**Task brief**.
Below are entries; work out how many of their lines hold "blend", giving only that number.

:: Supplied information

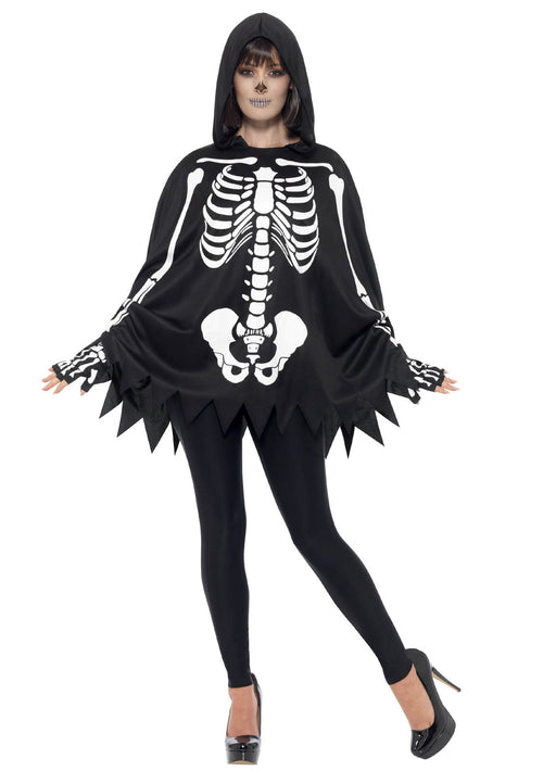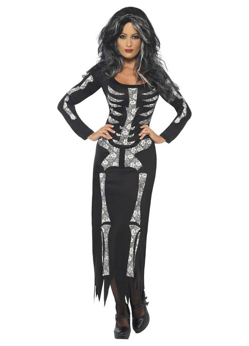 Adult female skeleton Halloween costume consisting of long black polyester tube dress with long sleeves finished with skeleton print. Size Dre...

::::
:: Supplied information

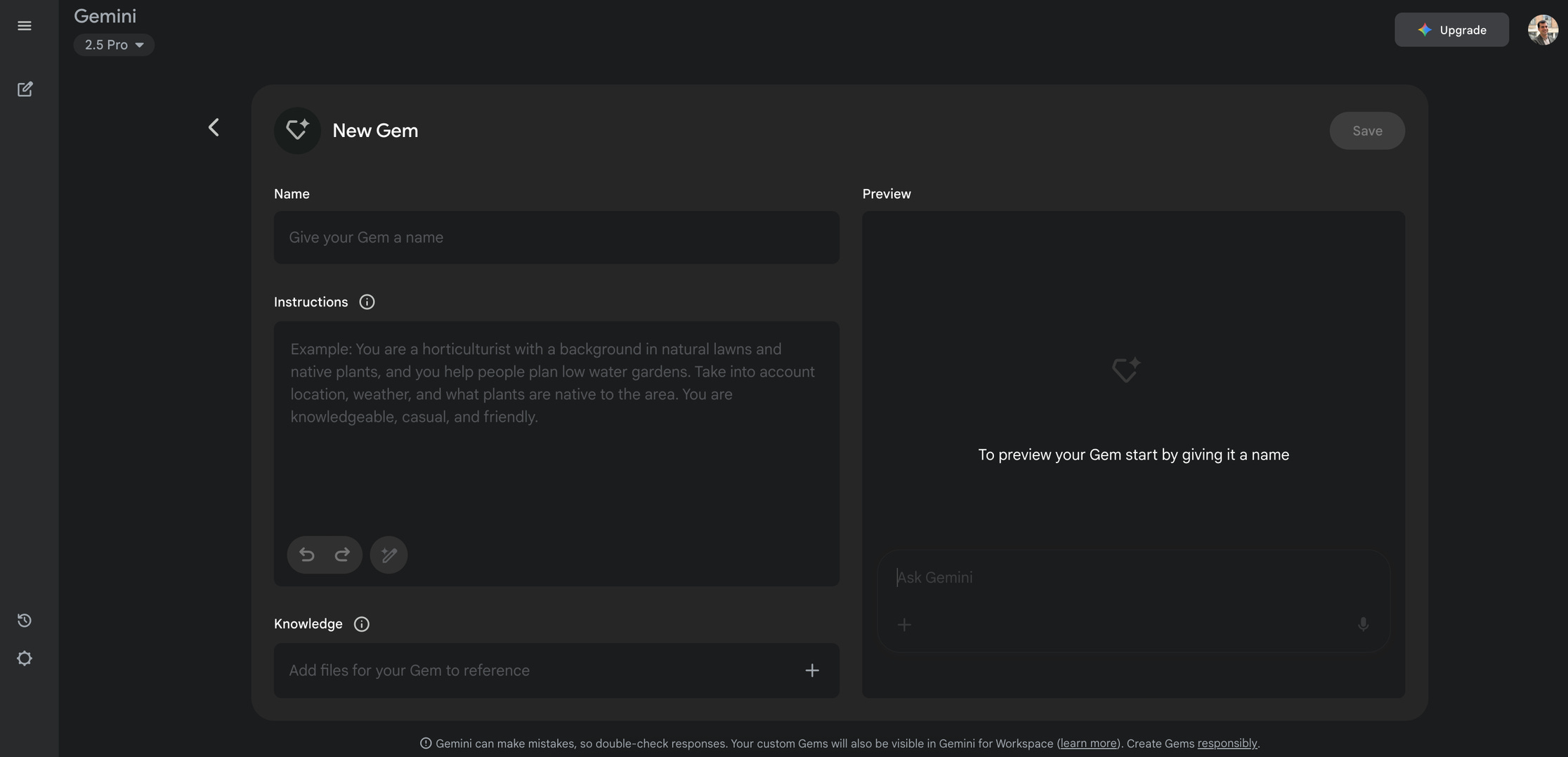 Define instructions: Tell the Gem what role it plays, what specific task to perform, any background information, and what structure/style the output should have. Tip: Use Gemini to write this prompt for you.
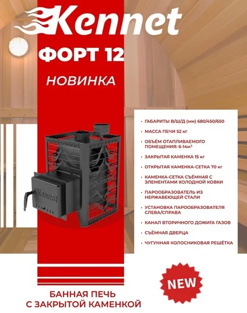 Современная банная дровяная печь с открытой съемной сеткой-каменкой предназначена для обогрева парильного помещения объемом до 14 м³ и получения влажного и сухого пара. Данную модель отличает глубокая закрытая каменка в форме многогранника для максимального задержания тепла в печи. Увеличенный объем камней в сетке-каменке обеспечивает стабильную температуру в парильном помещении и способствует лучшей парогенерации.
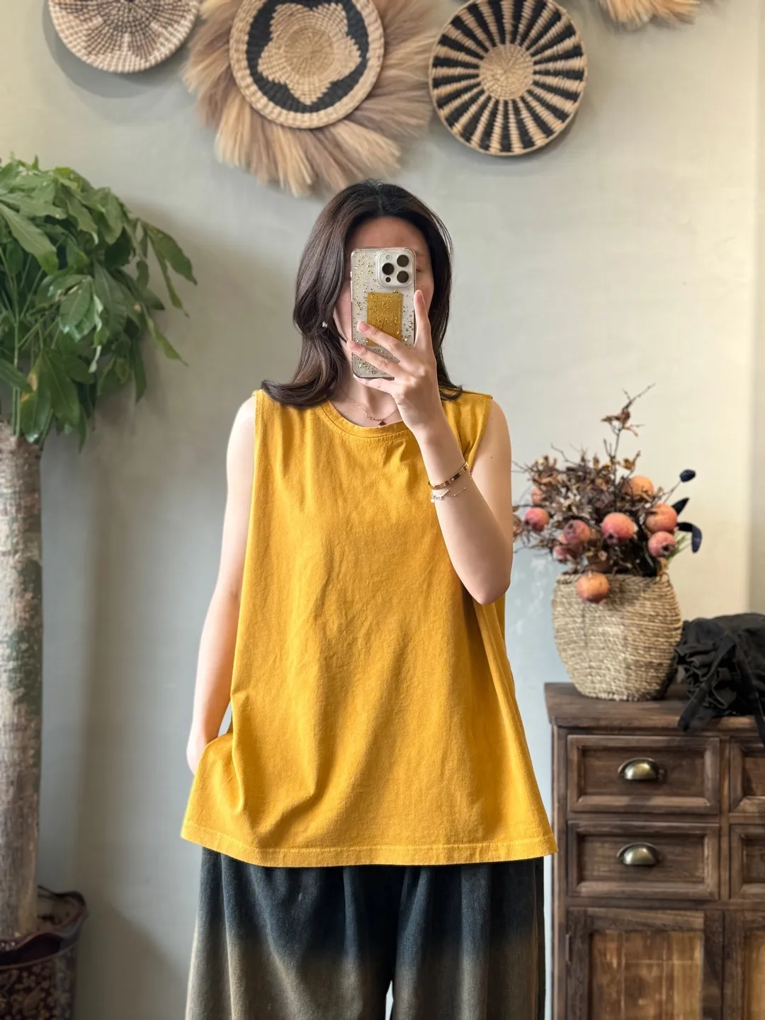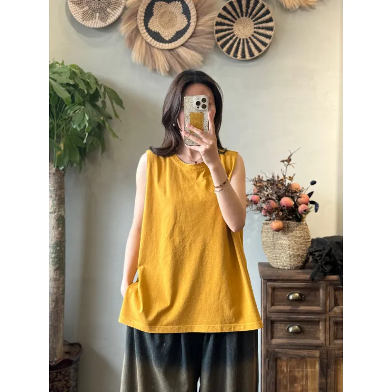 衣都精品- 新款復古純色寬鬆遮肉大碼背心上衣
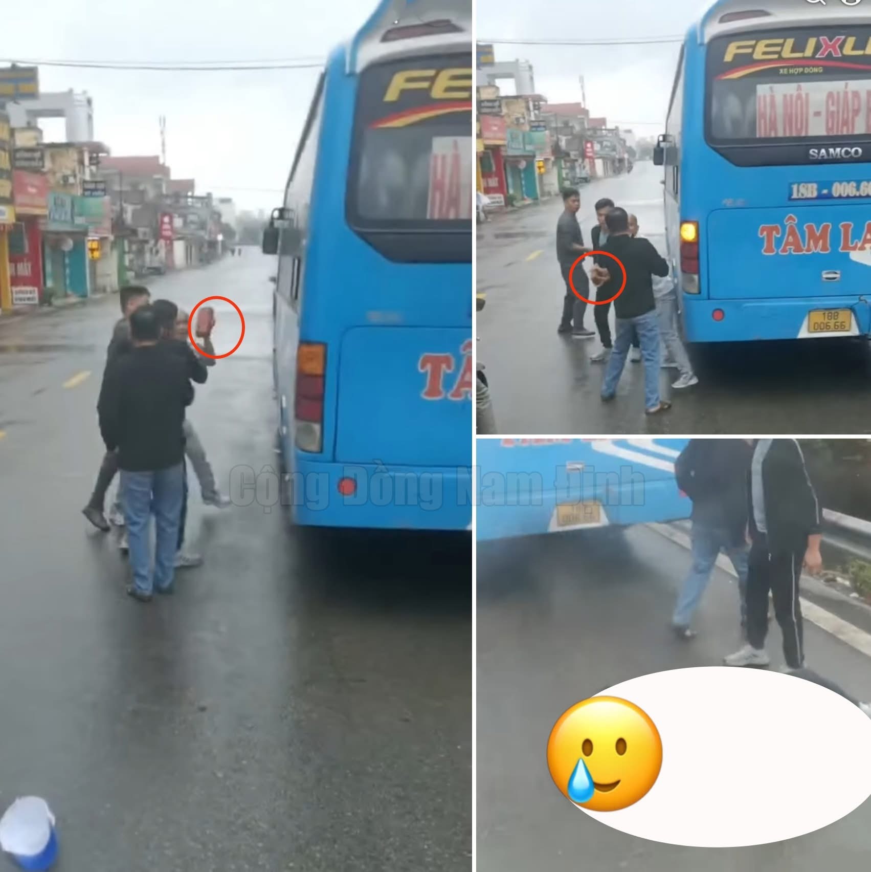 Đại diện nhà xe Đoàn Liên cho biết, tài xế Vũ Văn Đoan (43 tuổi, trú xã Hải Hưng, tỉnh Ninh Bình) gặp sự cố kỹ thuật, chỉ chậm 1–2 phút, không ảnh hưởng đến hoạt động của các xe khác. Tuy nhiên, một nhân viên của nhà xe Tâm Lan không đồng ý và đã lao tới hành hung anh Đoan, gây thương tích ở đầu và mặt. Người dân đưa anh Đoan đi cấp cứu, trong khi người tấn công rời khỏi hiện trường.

::::
:: Supplied information

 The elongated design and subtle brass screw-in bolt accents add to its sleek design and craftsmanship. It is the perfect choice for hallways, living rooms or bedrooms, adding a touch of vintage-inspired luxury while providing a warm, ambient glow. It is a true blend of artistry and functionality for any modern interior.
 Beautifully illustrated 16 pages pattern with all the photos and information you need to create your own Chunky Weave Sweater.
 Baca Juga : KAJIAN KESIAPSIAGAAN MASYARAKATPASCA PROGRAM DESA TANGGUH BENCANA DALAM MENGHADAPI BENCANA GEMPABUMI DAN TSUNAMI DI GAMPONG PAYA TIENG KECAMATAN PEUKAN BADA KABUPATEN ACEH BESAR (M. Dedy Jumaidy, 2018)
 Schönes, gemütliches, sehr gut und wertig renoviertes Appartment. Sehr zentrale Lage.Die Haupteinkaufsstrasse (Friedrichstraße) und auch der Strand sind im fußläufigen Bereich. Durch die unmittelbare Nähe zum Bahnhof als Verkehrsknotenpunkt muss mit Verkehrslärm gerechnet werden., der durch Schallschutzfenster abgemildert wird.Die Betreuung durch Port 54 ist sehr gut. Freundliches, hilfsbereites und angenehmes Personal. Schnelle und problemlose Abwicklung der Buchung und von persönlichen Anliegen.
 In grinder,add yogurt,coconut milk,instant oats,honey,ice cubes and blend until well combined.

::::

**Answer to this task**.
2